Positive Bias Still in Place

Downside should be limited and higher prices should unfold

By Paul Cherney

Note: Paul Cherney will be on vacation Thursday, July 1 and Friday, July 2. His column will return Tuesday, July 6.

This year, the last trade day before the July 4th holiday is Friday, July 2. From 1959 through 2003, the last trade day before the July 4th holiday has gained 27 out of 45 times, or 60% of the time. The average of all performance (gainers and losers) is a gain of 0.18%. For this day, historically, there were 6 times that the S&P 500 gained 1% or more, and there were 2 times when the S&P 500 lost 1% or more. The chance of a move greater than 1% in either direction is 8 out of 45, or 18% of the time.

Thursday, July 1, 2004 represents the trade day before the last trade day ahead of the July 4th holiday. This day has also seen the S&P 500 close with a gain 27 out of 45 times, or 60% of the time. The average of all performances (winners and losers) has been +0.16%.
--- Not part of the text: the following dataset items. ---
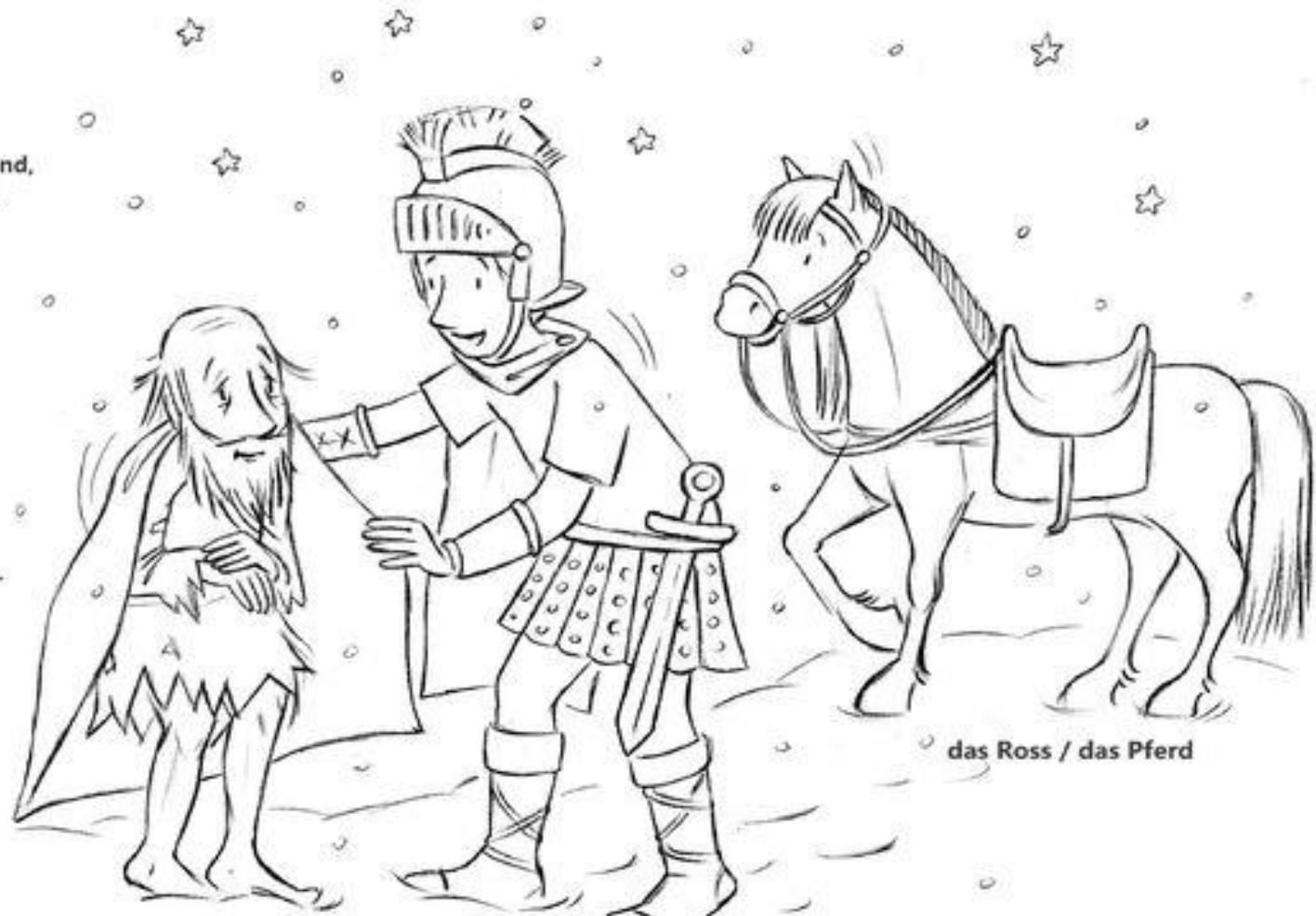
der arme Mann

Sankt Martin, Sankt Martin, Sankt Martin zieht die Zügel an, sein Ross steht still beim braven Mann. Sankt Martin mit dem Schwerte teilt den warmen Mantel unverweilt.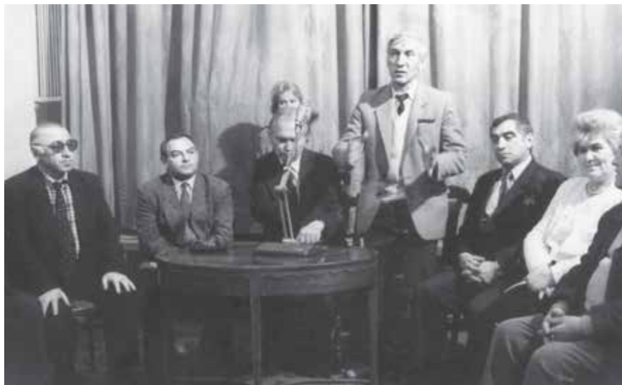
Алим редколлегияны жыйылыуунда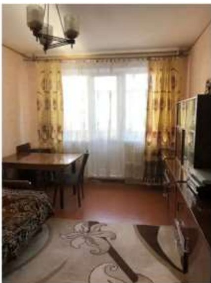
Фото №3. Комната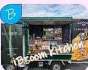
ジャガイモから作る ポテトフライ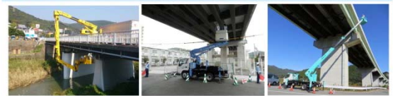
橋梁点検車による点検 リフト車による点検 高所作業車による点検

・特殊点検車両や船舶等で、みだんは見えない所も近づいて技術者が近接目視点検しています。

The first trade day after the 4th of July holiday has historically seen gains 21 out of 45 times, or 47% of the time. The average of all performances was insignificant, or -0.09%.
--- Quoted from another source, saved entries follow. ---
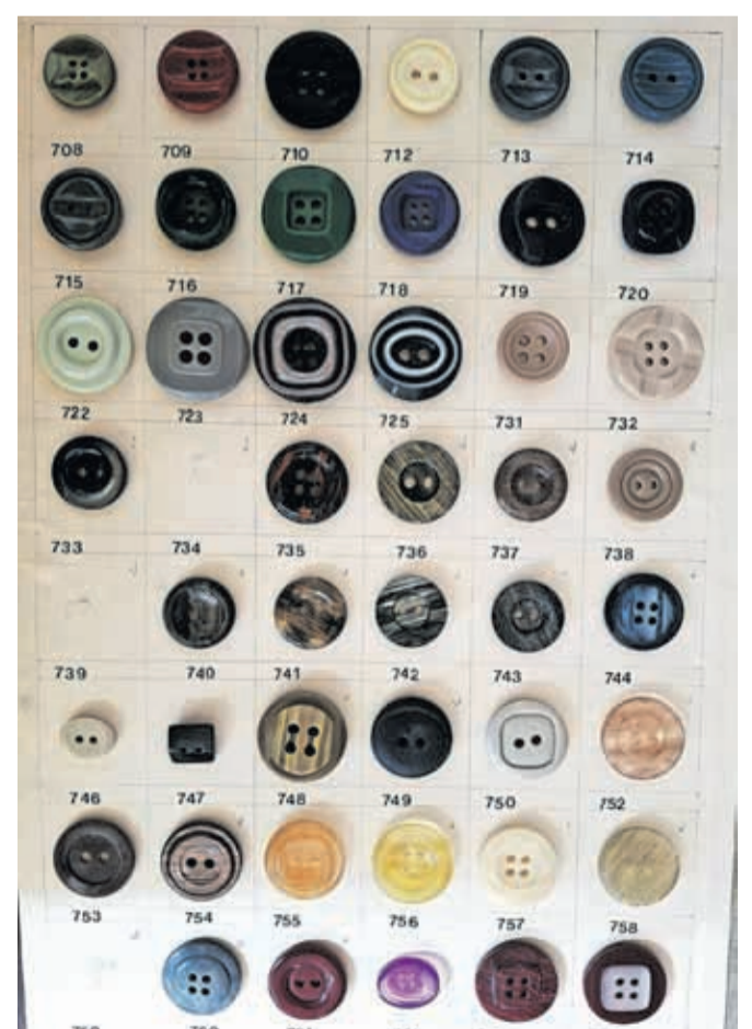
Izbor modnih gumbov iz Kamnika, sedemdeseta leta 20. stoletja

Kakšna pa je tu morala, le posluš vsi tam in tu: dobre gumbice le bo dala tovarna gumbov v Kamniku. Podjetje, ki je postalo znano pod imenom Modelit, je v začetku šestdesetih let predstavljalo pomemben del kamniške industrije. Zasedili smo podatek, da so leta 1962 izdelali 202.200 grosov gumbov. Gros šteje 144 kosov. Nekoč je bila to praktična trgovska enota v množični prodaji drobnih izdelkov. Danes jo je izpodrinil metrični sistem, zato se ohranja le še kot zgodovinski izraz. Leta 1964 je bil Modelit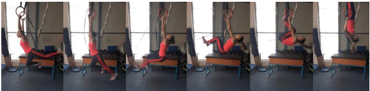
Slika 19. Faza zamaha na karikama

Još jedna od vježbi za poboljšanje faze zamaha je simulacija navedene faze na karikama. Motkaš visi na karikama u "splitu", zamahuje unatrag te dolazi do pozicije gnijezda. Iz te pozicije vertikalno ispucava noge istovremeno se povlačeći rukama prema gore. Vježba se osim za korekciju, koristi i u obučavanju kako bi se početnici naučili podizati kukove što više prema gore.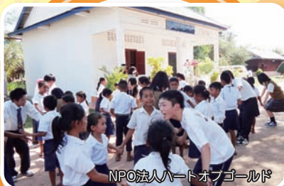
NPO法人ハートオブゴールド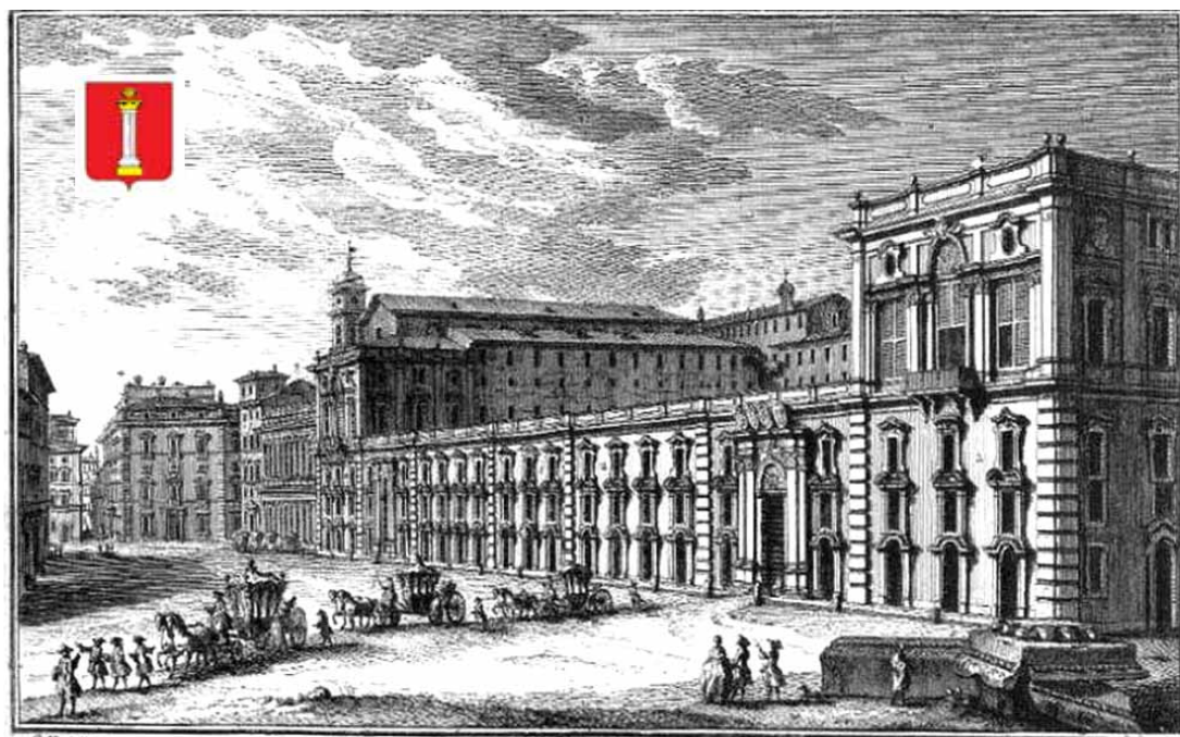
Palazzo Colonna L'Annuncio nel giardino di detto Palazzo, e Appart. nuovi del moderno Palazzo per uso della famiglia, Chiesa dei XII SS. Apostoli, e Palazzo Muti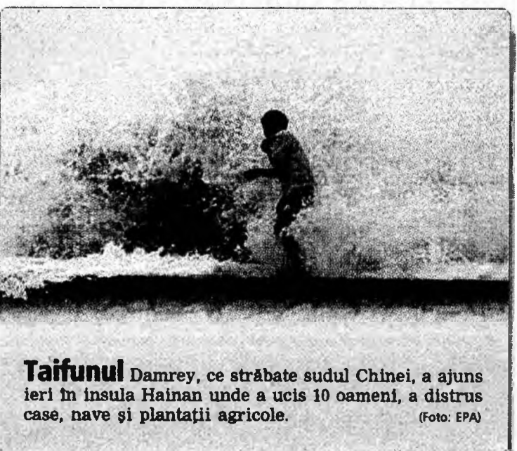
Taifunul Damrey, ce străbate sudul Chinei, a ajuns ieri în insula Hainan unde a ucis 10 oameni, a distrus case, nave și plantații agricole.

Tot prin programul SEI (Sistem Educațional Informatizat), ce este dedicat susținerii procesului de predare-învățare în învățământul universitar cu soluții informatice moderne, școlile hunedorene vor primi calculatoare. În acest an școlar vor fi instalate în școlile din județ 86 de rețele de calculatoare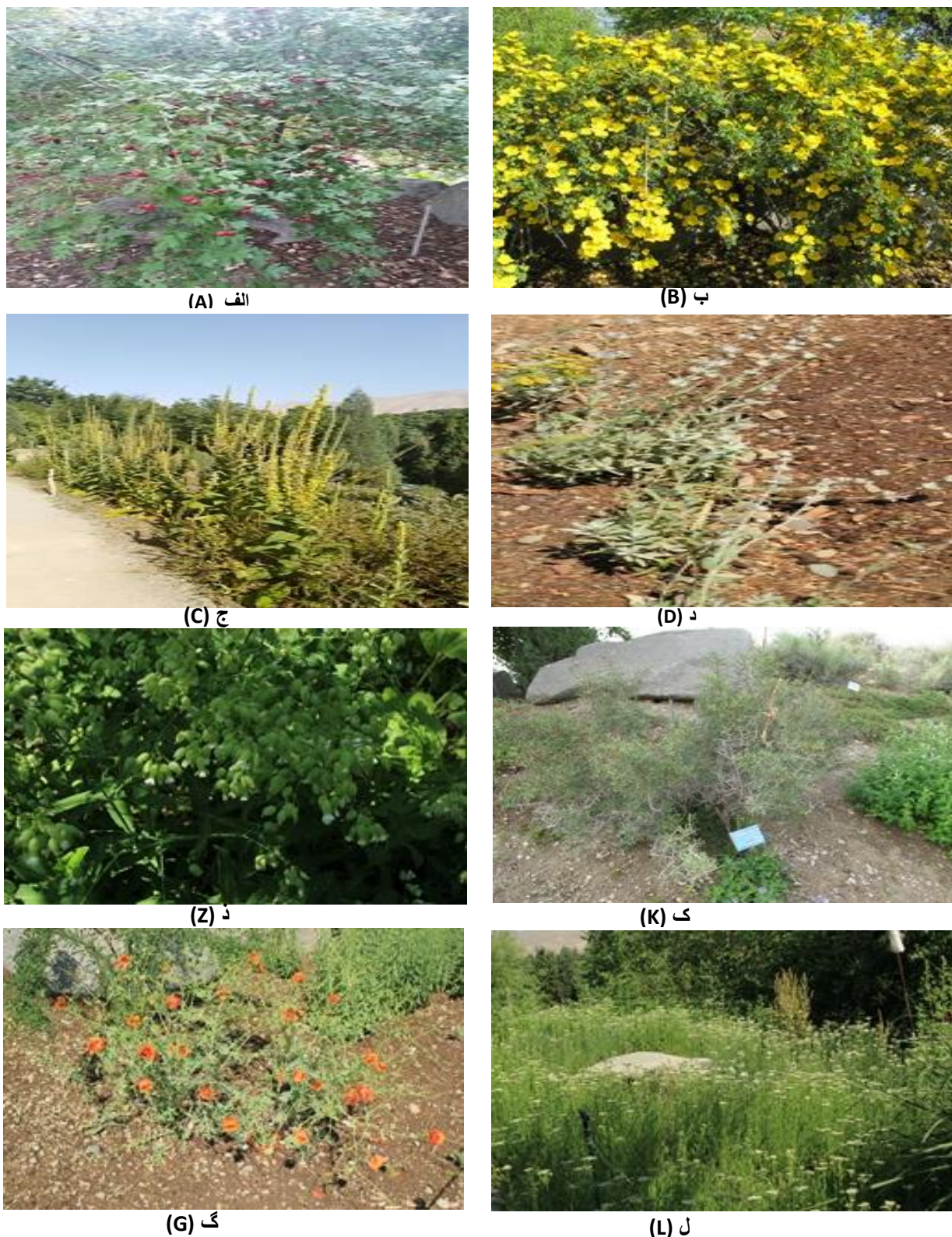
شکل ۴- الف: Crataegus astrosanguinea ، ب: Rosa foetida ، ج: Verbascum songaricum ، د: Stachys inflata ، ز: Silene vulgaris ، ک: Amygdalus scoparia ، گ: Glaucium elegans ، ل: Achillea millefolium .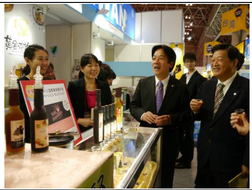
市長瞭解臺南參展情形並與廠商合影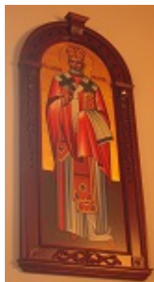
Άγιος Πλάτων ο Ιερομάρτυρας επίσκοπος Μπάνια Λούκα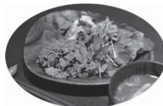
「日替わりワaffleプレート」 千葉県鴨川自然王国の自然野菜をメインに使用したおかずと酵素玄米の看板メニューです。

The technical case for the NASDAQ and the S&P 500 remains the same, neutral with a positive bias.

Lingering in the background: On Friday, June 25, the NASDAQ had a close above 2023.54 and this has potentially short-term bullish overtones. The recent trading range has been 2023.54-1963, or 60 points, so the potential upside target would be 2083.
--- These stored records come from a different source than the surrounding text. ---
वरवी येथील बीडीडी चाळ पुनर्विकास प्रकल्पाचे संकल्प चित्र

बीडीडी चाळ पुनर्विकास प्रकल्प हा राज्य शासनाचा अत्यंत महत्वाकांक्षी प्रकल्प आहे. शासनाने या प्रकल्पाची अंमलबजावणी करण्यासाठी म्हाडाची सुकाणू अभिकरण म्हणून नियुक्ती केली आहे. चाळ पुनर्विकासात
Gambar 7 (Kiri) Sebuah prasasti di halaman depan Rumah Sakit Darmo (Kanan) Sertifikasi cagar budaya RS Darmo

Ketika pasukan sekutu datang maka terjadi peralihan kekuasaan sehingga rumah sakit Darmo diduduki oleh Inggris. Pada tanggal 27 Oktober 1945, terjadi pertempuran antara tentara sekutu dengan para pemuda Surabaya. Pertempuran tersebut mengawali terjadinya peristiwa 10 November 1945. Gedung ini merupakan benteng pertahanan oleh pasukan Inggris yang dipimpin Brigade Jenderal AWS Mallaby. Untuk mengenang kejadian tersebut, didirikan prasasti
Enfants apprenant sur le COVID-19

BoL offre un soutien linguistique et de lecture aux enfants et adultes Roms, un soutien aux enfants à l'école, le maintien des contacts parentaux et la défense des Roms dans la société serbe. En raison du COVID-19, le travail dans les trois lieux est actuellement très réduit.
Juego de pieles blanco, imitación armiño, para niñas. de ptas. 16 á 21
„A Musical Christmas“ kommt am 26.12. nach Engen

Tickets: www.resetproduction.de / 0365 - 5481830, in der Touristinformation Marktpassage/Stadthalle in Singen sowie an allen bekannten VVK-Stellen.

On Wednesday, June 23, the S&P 500 closed above the 1142.18 level. This represents a bullish breakout of the recent trading range and should be treated as such unless proven otherwise. The standard calculation for a potential price target is to take the trading range (1142-1122) and add it to the breakout point which would create a potential target of S&P 500 1162.

Intraday rises that were turned back have established another set of important price levels for both the NASDAQ and the S&P 500. The NASDAQ has moved above 2039.93, which had been a price point where sellers were found. Since the NASDAQ has exceeded this level, it now represents the beginning of the first line of support.

The S&P 500 1146.34 level has not been exceeded yet. Any rise that cannot produce an S&P 500 close above 1146.34 would increase the chances for some slow motion sideways trade in the upper half of the recent trade ranges.

The VXO's 10-day exponential moving average was 14.78 near the close on Wednesday. Stock prices often move lower when the VXO moves above it's 10-day exponential moving average and puts distance between itself and the 10-day. Conversely, stock prices usually rise when the VXO moves below its 10-day and puts distance between itself and its 10-day.

The NASDAQ's resistance is a band 2037-2079, inside this resistance is thick price action 2048-2064.

The NASDAQ has support 2040-2033.40 then 2023-2013.73, then 2006-1960 with a focus 2002-1985. If the NASDAQ were to weaken and undercut the 2013.73 level (not expected), that would increase the odds for a test of the next layer of NASDAQ support that is broadly 2006-1960 with a focus of support is 2002-1985.

The S&P 500 has immediate intraday resistance 1141-1146.34. Additional resistance is 1149-1176.97 with especially thick resistance 1149-1158.98. The March 2002 shows well-defined layer of resistance 1166.27-1173.94.

The S&P 500 has support 1137-1134. Next support is 1129-1113.

Downside should be limited and higher prices should unfold. Friday, July 2 is a day that really should not be included in a technical assessment of the market because the trading volume might be thinner than normal due to empty desks ahead of the July 4th weekend.